┌──

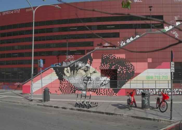 El mural, realizado en estilo pixel art, se encuentra en la estación de metro Jonio y ha contado con el apoyo de las autoridades del municipio romano.
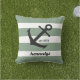 Les bandes nautiques lancent l'oreiller avec une empreinte d'ancre. Personnalisez avec le nom de famille et l'année établie.
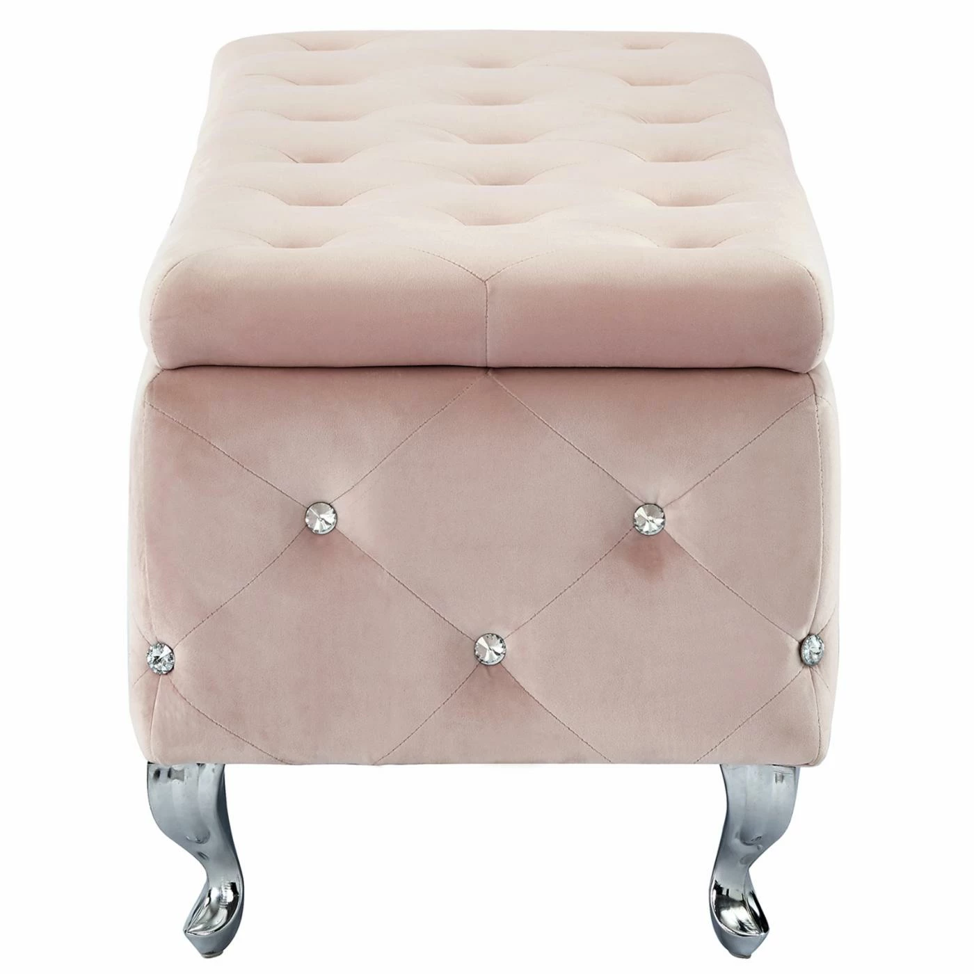 The !nspire Velvet Storage Bench with Crystals adds a chic touch to any room, with its soft blush pink velvet upholstery. Diamond-patterned stitching and crystal button tufting add further elegance to this piece. This bench opens to reveal deep storage, perfect for placing pillows or blankets. Cabriole-style legs in a chrome finish add a polished touch to this bench.

└──

## Assignment
Retype, exactly as written, each line from the one containing "Les bandes nautiques" through the end of the data above, and leave out every picture.

## Exercise solution
 Les bandes nautiques lancent l'oreiller avec une empreinte d'ancre. Personnalisez avec le nom de famille et l'année établie.
 The !nspire Velvet Storage Bench with Crystals adds a chic touch to any room, with its soft blush pink velvet upholstery. Diamond-patterned stitching and crystal button tufting add further elegance to this piece. This bench opens to reveal deep storage, perfect for placing pillows or blankets. Cabriole-style legs in a chrome finish add a polished touch to this bench.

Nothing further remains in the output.